:: Activity ::
Beginning with the line that contains "니트 레이스 비니 프릴 대두 버킷햇 보넷 모자 산책 벙거지 겨울 WFKZZ2M", retype the entries below exactly, ending with the line that contains "Tratta da Scipione". Leave out any pictures.

:: Data supplied ::
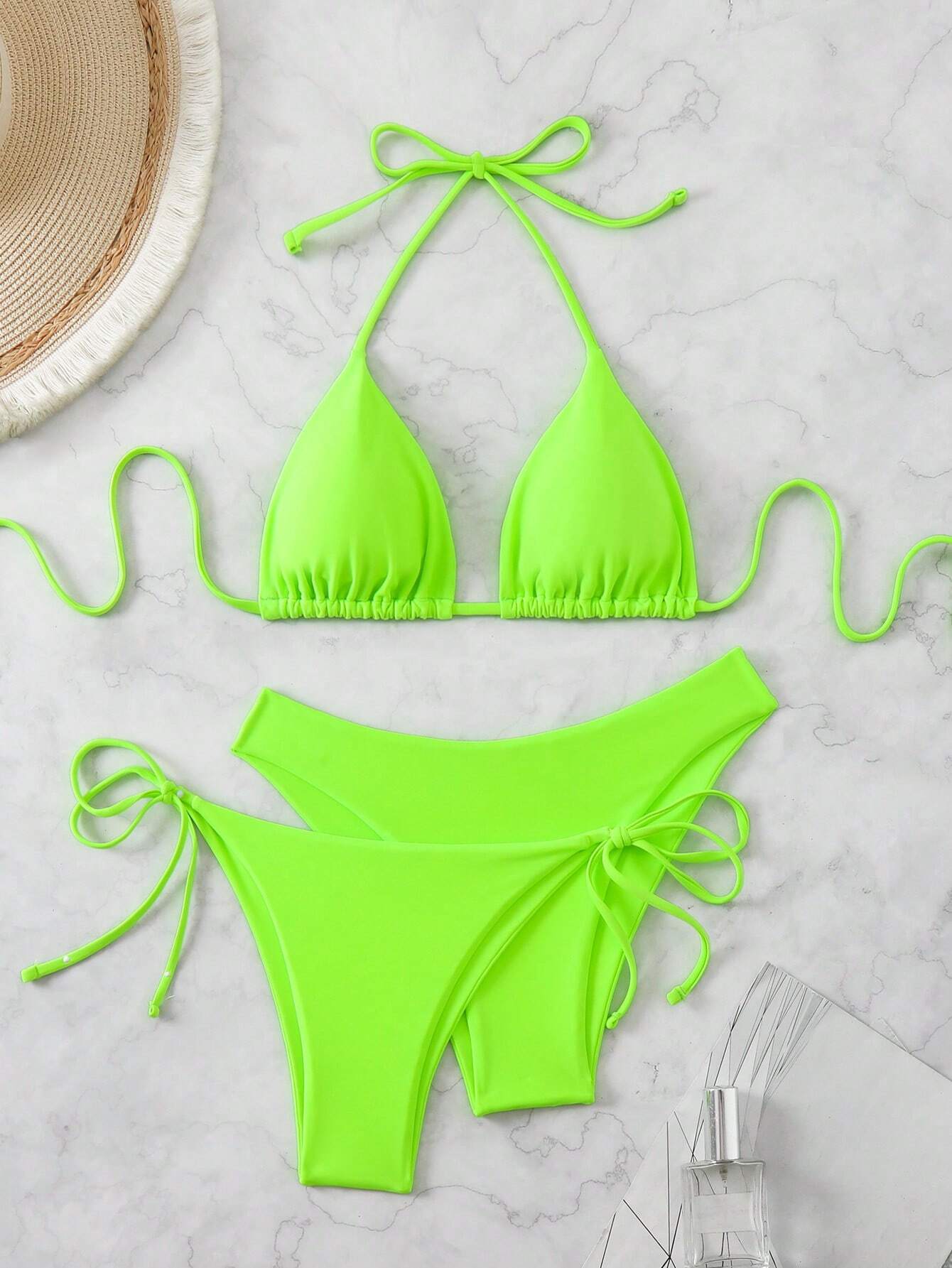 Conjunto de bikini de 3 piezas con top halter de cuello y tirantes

---

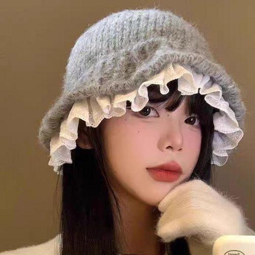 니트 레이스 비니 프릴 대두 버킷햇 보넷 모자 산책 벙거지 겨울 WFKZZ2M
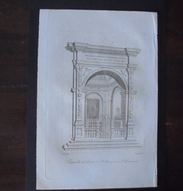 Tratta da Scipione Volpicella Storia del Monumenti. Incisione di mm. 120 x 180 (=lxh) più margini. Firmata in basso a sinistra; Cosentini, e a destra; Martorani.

--

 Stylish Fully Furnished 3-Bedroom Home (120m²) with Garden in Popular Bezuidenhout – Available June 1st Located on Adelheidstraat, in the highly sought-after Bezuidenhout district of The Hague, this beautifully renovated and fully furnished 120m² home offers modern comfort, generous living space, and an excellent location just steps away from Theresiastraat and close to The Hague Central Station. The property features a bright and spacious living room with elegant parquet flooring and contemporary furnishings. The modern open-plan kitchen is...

:: Completed exercise ::
 니트 레이스 비니 프릴 대두 버킷햇 보넷 모자 산책 벙거지 겨울 WFKZZ2M
 Tratta da Scipione Volpicella Storia del Monumenti. Incisione di mm. 120 x 180 (=lxh) più margini. Firmata in basso a sinistra; Cosentini, e a destra; Martorani.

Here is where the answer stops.